Today we review the HTC Desire 828. The smartphone is simple, elegant and competing in a price point dominated by the Chinese invasion. Does it have what it takes to stand out?
Build and design
The build of the HTC Desire 828 is similar to its predecessors. The review unit we received has a black matte finished back and a golden brown border that surrounds the phone. The rear back panel is non removable but if you try really hard, you can get it off. The phone is really slim at 7.9mm and is very comfortable to hold. The matte rubberised back of the smartphone gives it a really good grip, better than some phones with a metal body. Considering the design on offer with the HTC Desire 828 it was extremely comfortable to hold especially when using the keyboard to type.
Coming back to the design, you have the standard port placement – MicroUSB port at the bottom, headphones jack on the top, SIM card slots on the left and the power button and volume rocker on the right. Moving to the power button and the volume rocker, they aren’t textured or protruding. From a design standpoint this is very good. From a functional standpoint, it isn’t easy to locate. It takes some getting used to and there is a leaning curve to remembering its position. Maybe I’m getting old but I prefer the textured power button. Its easier to identify without looking.
The front of the smartphone is clean and simple with HTC traditional Boomsound speakers at the top and the bottom of the display.
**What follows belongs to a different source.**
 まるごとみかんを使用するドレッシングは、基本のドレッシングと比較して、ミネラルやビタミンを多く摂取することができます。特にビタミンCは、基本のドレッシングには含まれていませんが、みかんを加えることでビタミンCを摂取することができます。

The smartphone doesn’t house a fingerprint sensor, which can be a bummer especially if you are one that has used a smartphone with a finger print sensor in this price bracket. A fingerprint sensor does make it easy for you to unlock your smartphone if nothing else and using it is like getting used to an elevator with automatic doors. Its just convenient and you really don’t like the manual door elevators even though they require nothing more than a slight effort.
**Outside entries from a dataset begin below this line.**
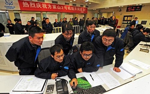 1月12日,秦山核电站扩建项目方家山核电工程2号机组主控室,操纵员在监测核电机组运行 近日,秦山核电厂扩建项目方家山核电工程2号机组成功并网发电。至此,秦山核电基地现有9台机组全部投产发电,总装机容量达到654.6万千瓦,年发电量约500亿千瓦时,成为目前中国核电机组数量最多、堆型最丰富、装机最大的核电基地。截至2014年12月31日,秦山核电基地已累计安全发电3327.46亿千瓦时,相当于少消耗标准煤约1.07亿吨,减排二氧化碳约3.5亿吨、二氧化硫约233.38万吨,相当于造林95.18万公顷。 |
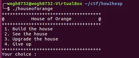 1번으로 집을 짓는거 보니, 여기서 malloc이 진행될 것같다. 그리고 2번으로 출력이 가능하며, 3번으로 수정이 가능할것이다. 4번은 종료이다.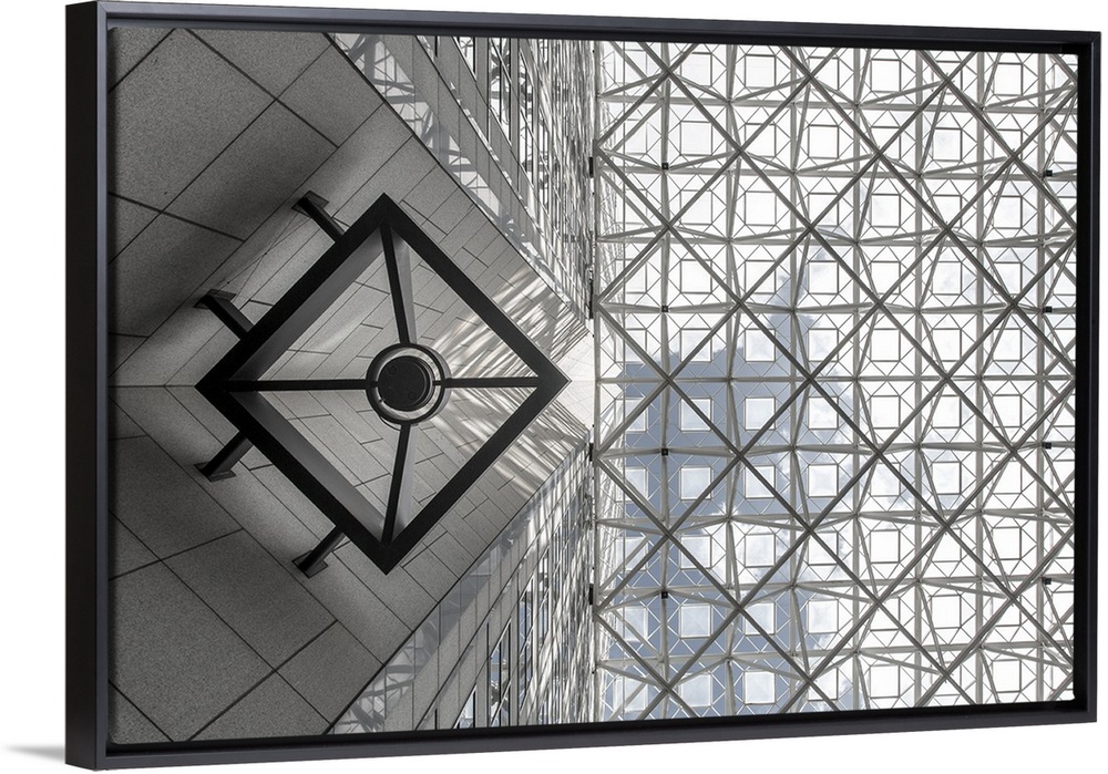 <p>Looking up at an abstract architectural framework design.</p>

Overall the build and design of the phone is quite good. It has a 5.5-inch form factor and even though that isn’t much of a difference when compared to the 6-inch behemoths floating around, it feels compact in one’s hands.
Display and UI
Kicking things off with the display, the smartphone has a 5.5-inch LCD display with a 1920×1080 pixel resolution. The display is crisp, vibrant and placed along side other smartphone displays in the same price bracket, has better colour reproduction. Text looks good, whites look white and it’s a treat watching videos. I spent a lot of time watching animated movies and the colour reproduction was good and the display is vibrant.
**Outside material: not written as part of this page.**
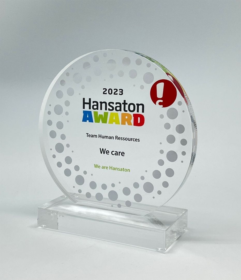 Unser "EcoAcryl-Award Round" (siehe Kategorie "EcoAcryl-Awards") mit 20mm hohem Sockel, einseitig bedruckt, Laserschnittverfahren - und 100% recycelt!!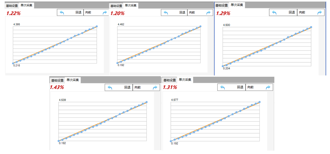 我们通过多次测量取平均值的方式对LOTO 电流探头模块进行更准确的线性度评估,步进间隔依旧选用0.5V。

Coming to the UI, if you have used an HTC smartphone in the past, you will feel right at home here. The smartphone runs on Android 5.1 Lollipop, skinned with the HTC Sense 7.0 UI. Sense UI 7.0 has a few tweaks when compared to its predecessor. It still has BlinkFeed with a few tweaks here and there but overall, the sense UI 7.0 is a good one.
Overall, the display of the smartphone is one of its biggest highlights and the UI is functional, which is what’s important.
Before we get into the performance of the smartphone here is a quick look at the specifications. As we’ve mentioned, the HTC Desire 828 has a 5.5-inch 1080p display. Under the hood, the smartphone has the Mediatek MT6753 chipset with the Octa-core 1.5GHz CPU. The device has 2GB RAM and 16GB built-in storage which can be expanded up to 200GB via a microSD card. The rear has a 13MP OIS camera and the front has a 4MP UltraPixel camera. A 2800mAh battery powers the entire package.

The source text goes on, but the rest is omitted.